Since there is a strong weekly seasonality, we might fit e.g. a simple Holt-Winters exponential smoothing model. This gives us the following sensible-looking forecasts:
Fast-forward 2 weeks and the actuals have come in. They look like this:
For whatever reason (which may be a valid reason based on events on that day), the 7-day seasonality in the historical data was not actually realised on the 2nd Monday during the testing period (indicated by the red cross). In other words, it 'stayed high when it was supposed to be low'. As a result, the forecast for that Monday is way off. Now, suppose that this is just one of hundreds or thousands of forecasts we have produced. Without actually visualising the data, this would just be a 'blip' on the evaluation grid I have been showing (it would definitely show up in the maximum absolute error, but it may be smoothed out in the mean absolute error). By only looking at the grid, who is to say why we're seeing this big error? Is it (a) the 'model's fault' or (b) the 'data's fault'? That is, is our model capacity too high, resulting in a complex model with high variance (e.g. a random forest with only a few deep trees)? Or is it an anomaly in the data? This is not answered by the grid alone. However, by actually visualising the data and forecast, we can safely conclude that the model 'did nothing wrong' and that it is an anomaly in the data.

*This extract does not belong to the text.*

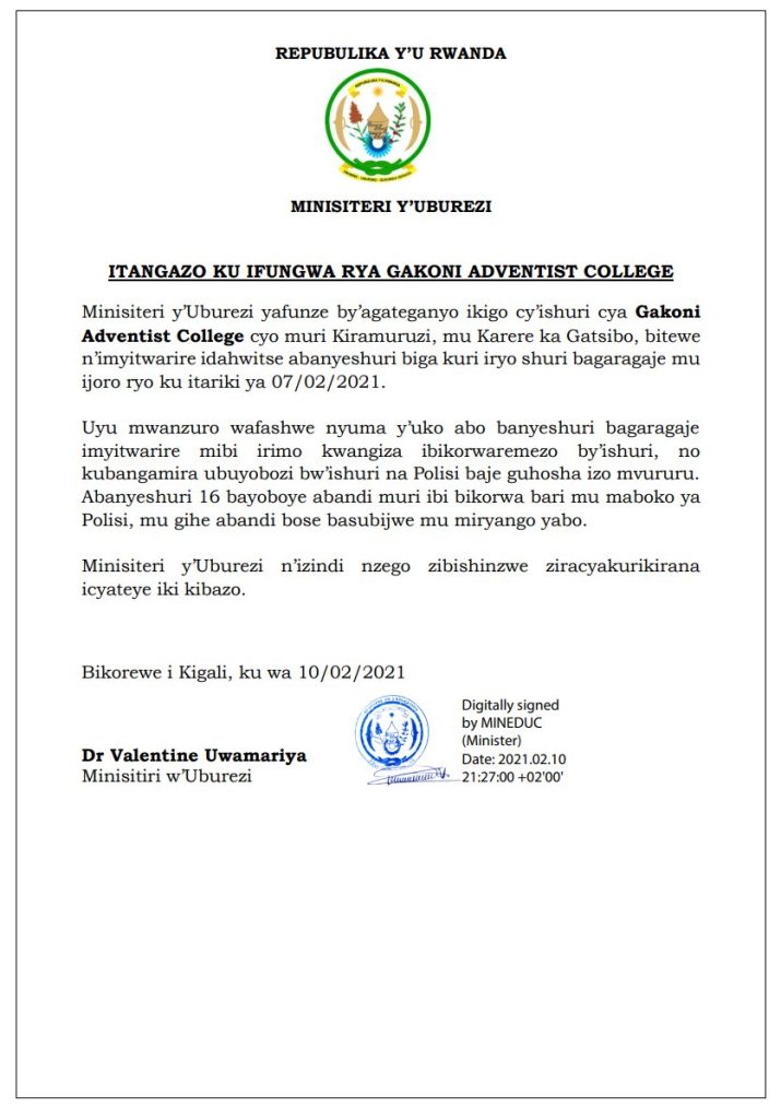 Kuri uyu wa Gatatu nibwo Minisiteri y’uburezi yatangaje ko ishuri rya Gakoni Adventist College rifunzwe kubera ‘imyitwarire mibi y’abanyeshuri irimo kwangiza ibikorwa remezo no kubangamira ubuyobozi bw’ishuri na Polisi’ yari yaje guhosha iriya myigaragambyo.

In fact, the first thing you need to do to understand how your model is performing is to visualise the data and predictions themselves. How easy or difficult this is depends among other things upon the dimensionality of the data you are predicting. Univariate timeseries forecasting or simple linear regression are perhaps the easiest to visualise.
Excel and the BI tools I have tried (PowerBI and Tableau; I can't speak for Qlik) do not meet all the requirements outlined in this post. So I have implemented my own model evaluation solution in Python using the Dash framework by Plotly, which I use to evaluate all my models. In this final section I will demo some of its features.
Screenshot:
There are 2 main parts: The Header and the Grid.
The Header accepts inputs from the user via checkboxes, radio buttons and an editable grid. It contains the following:
Below the header is the Grid, which displays the results.
Now, let's have a play around with it.
By default, the Grid shows all models, columns and error-statistic combinations specified in a user-editable configuration file. Let's look instead only at Challengers 2 and 3, group by just K1, look at the delta and winner columns only and remove the maximum errors. Then let's add in a new error statistic: The median absolute error. Finally, we'll add back in the other 2 grouping columns and produce a summary table comparing Challenger 2's performance with that of the benchmark WRT our 3 error statistics.